Faut-il, comme en Belgique remplacer « mineurs délinquants » par « mineurs ayant commis des faits qualifiés infraction » ?
Ou, dire « habitant de la rue », plutôt que SDF.
Pourquoi pas, pendant qu’on y est, « personne n’ayant pas vérifié le consentement de son partenaire » plutôt que « violeur », « personne cherchant à sacrifier sa vie pour démontrer la justesse de ses convictions religieuses » plutôt que « terroriste kamikase », sans oublier « personne ne reconnaissant pas à autrui la légitimité d’exister » au lieu de « raciste » ?
Que signifie cette tendance à l’euphémisation ?
Tout mot peut faire l’objet d’une polémique.

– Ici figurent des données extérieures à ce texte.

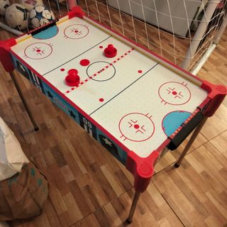 Mesa de hockey de aire para diversión en casa. Ideal para niños y adultos. - Diseño colorido con temática deportiva. - Patas plegables para fácil almacenamiento. - Incluye dos mazos y dos discos. - Incluyo pilas. Ésta cascada la tapa de las pilas pero se sujeta perfectamente con cinta americana,por eso bajo el precio Medidas: alto 63 , ancho x largo 43x78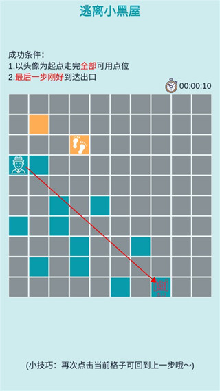 4、你需要通过点击蓝色的格子来到门口。此时只能选择蓝色的格子,并且要每一个蓝色格子都要点击到,点击后会显示橙色。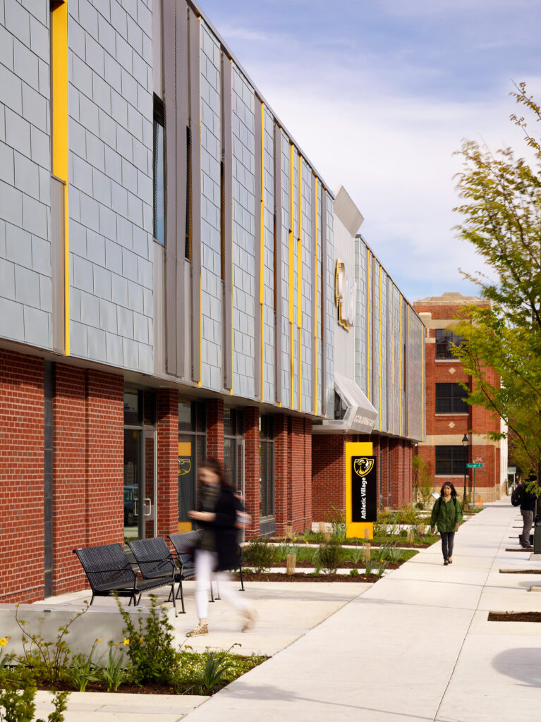 Referencing the neighborhood context, vertically articulated red brick and zinc tiles evoke textures from adjacent buildings. Perforated metal panels provide solar-shading and glare control, and create a dynamic focal point as visitors arrive. Brick, glass, and slate wrap the ground floor entrance spaces, further connecting VCU athletics to its urban context.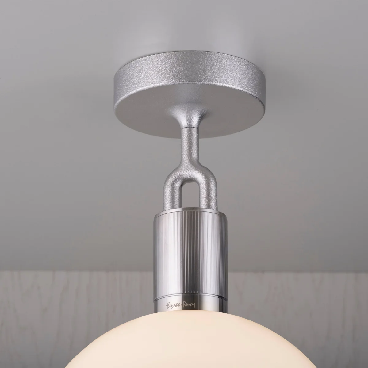 Med Buster + Punchs Forked taklampa får du en elegant lampa som på finaste vis kombinerar en rå stålfattning med en elegant skärm i munblåst opalglas. Fattningen är dekorerad med Buster + Punchs karaktäristiska linjerade mönster.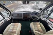 Available at our Depot in Burton on Trent is this coach-built, 2 berth, (3rd lap belt) rear washroom, Bessacarr E745, in good condition both inside and out, with 40000 miles. It’s an ideal tourer for 2 people with everything needed for an extended period away from home and off grid. It sits on a Fiat Ducato ALKO chassis, has the impressive Fiat 2800cc engine and with large windows throughout allows plenty of natural light to enter. Starting at the rear there is a large end washroom, that covers the full width of the motorhome. The enclosed shower cubicle sits next to the toilet, with a sink next to an impressive array of storage, a theme that runs throughout the motorhome. The well equipped kitchen area includes a cooker with 4 gas burners, oven and grill. You will also find a substantial fridge with freezer and sink plus plenty of cupboard space including a massive slide out cupboard with shelves next to the fridge. The lounge seats are long enough for most people to lie down on and can be made into a substantial double, again the large windows allow plenty of natural light. The upholstery, fixtures and fittings throughout are in very good condition, showing this motorhome has been well cared for by previous owners. Up front both seats swivels and there is a table for occasional use. It benefits from 4 good tyres - new in 2024, tow-bar, recent new Thetford fridge/freezer, full clip-on awning, wind-out awning, private number plate included.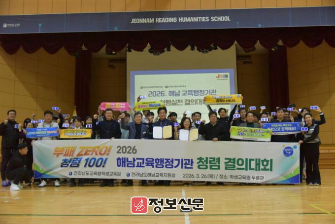 해남교육지원청 조연주 교육장과 학생교육원 김창근 원장은 “청렴은 공직사회의 기본 가치이자 신뢰의 출발점이다”라며 “앞으로도 두 기관이 긴밀히 협력해 청렴한 공직문화를 정착시키고 지역사회와 함께하는 깨끗한 교육행정을 만들어가겠다”라고 말했다.

Ainsi remplacer le mot dépendance par vulnérabilité peut induire que la personne est la principale responsable de sa fragilité. Si la société pourvoit à des dispositifs qui répondent à sa fragilité, elle ne sera pas vulnérable … On n’en finit plus …
Rappelons-nous Coluche qui expliquait en son temps: « on ne dit plus sourd mais malendant, aveugle mais malvoyant connard, mais mal comprenant ! »
La question centrale est bien de savoir comment se positionner face aux personnes qui partagent avec le reste de la population la même humanité toute en étant atteint d’une déficience : faut-il mettre en avant ce qui nous relie à elles ou ce qui les différencie de nous ? Et si, au lieu d’avoir à choisir l’un des termes de ce paradoxe, nous conservions les deux. On pourrait alors être sourd, aveugle, sdf, délinquant, grabataire, handicapé, allocataire, usager … et garder sa dignité. Ce ne sont pas tant les mots qu’il faut changer mais les mentalités.
Jacques Trémintin
Entièrement d’accord. C’est plus la manière de le dire qui est à travailler.